__Data provided__
_ _ _ _
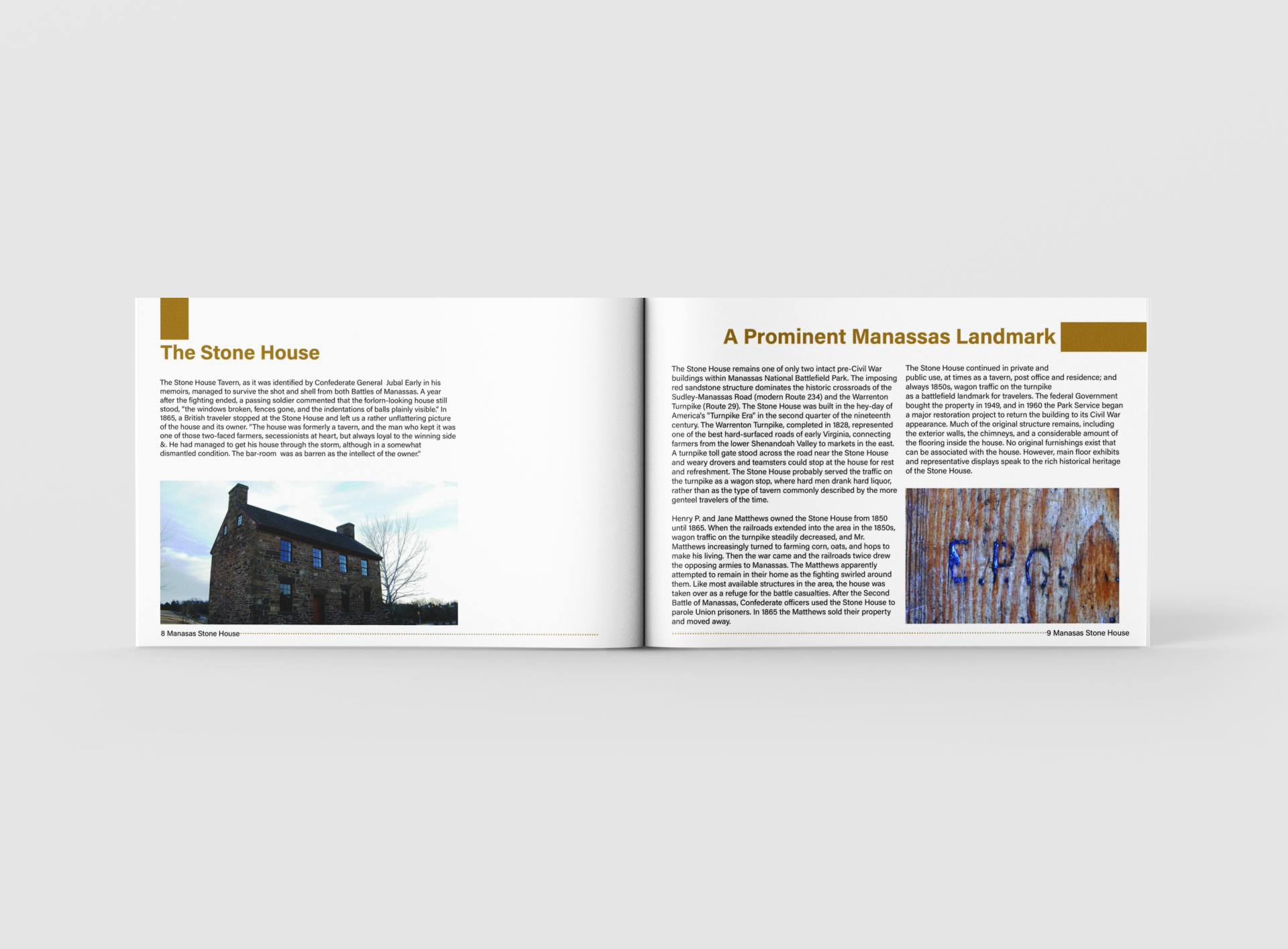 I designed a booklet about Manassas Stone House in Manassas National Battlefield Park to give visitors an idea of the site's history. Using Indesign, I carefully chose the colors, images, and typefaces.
_ _ _ _
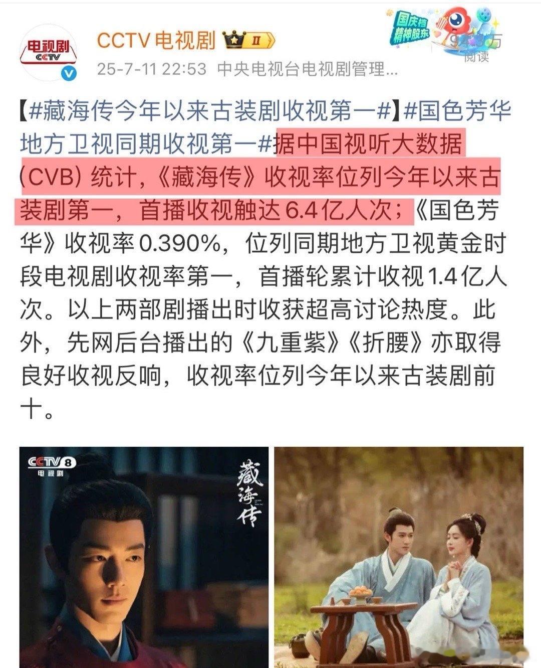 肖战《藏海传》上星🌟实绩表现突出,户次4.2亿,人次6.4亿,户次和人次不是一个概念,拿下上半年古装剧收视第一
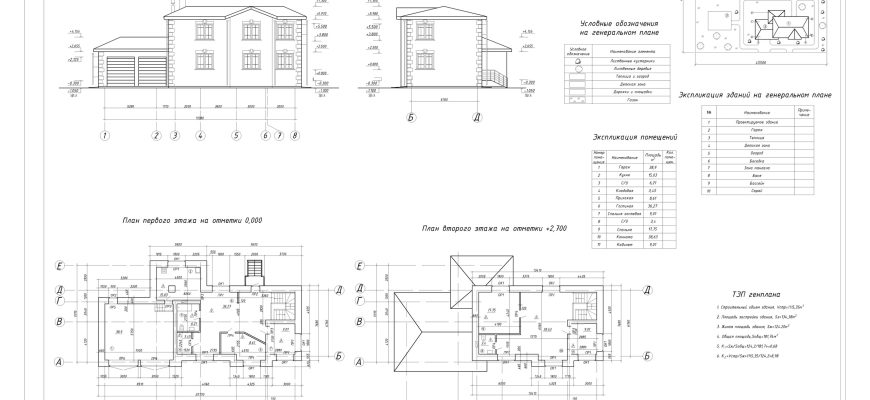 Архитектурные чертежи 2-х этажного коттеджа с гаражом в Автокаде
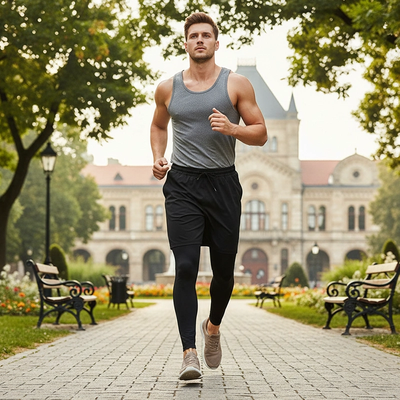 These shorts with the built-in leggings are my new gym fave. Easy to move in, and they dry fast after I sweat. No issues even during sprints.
_ _ _ _
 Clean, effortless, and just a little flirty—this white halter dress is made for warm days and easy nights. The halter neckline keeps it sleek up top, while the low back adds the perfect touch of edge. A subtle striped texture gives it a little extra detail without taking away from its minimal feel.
_ _ _ _
__What is being asked__
Although pictures appear among the entries, please set down only the lines from the one with "Архитектурные чертежи 2-х" up to and including the one with "These shorts with", word for word.

__Solution to this exercise__
 Архитектурные чертежи 2-х этажного коттеджа с гаражом в Автокаде
 These shorts with the built-in leggings are my new gym fave. Easy to move in, and they dry fast after I sweat. No issues even during sprints.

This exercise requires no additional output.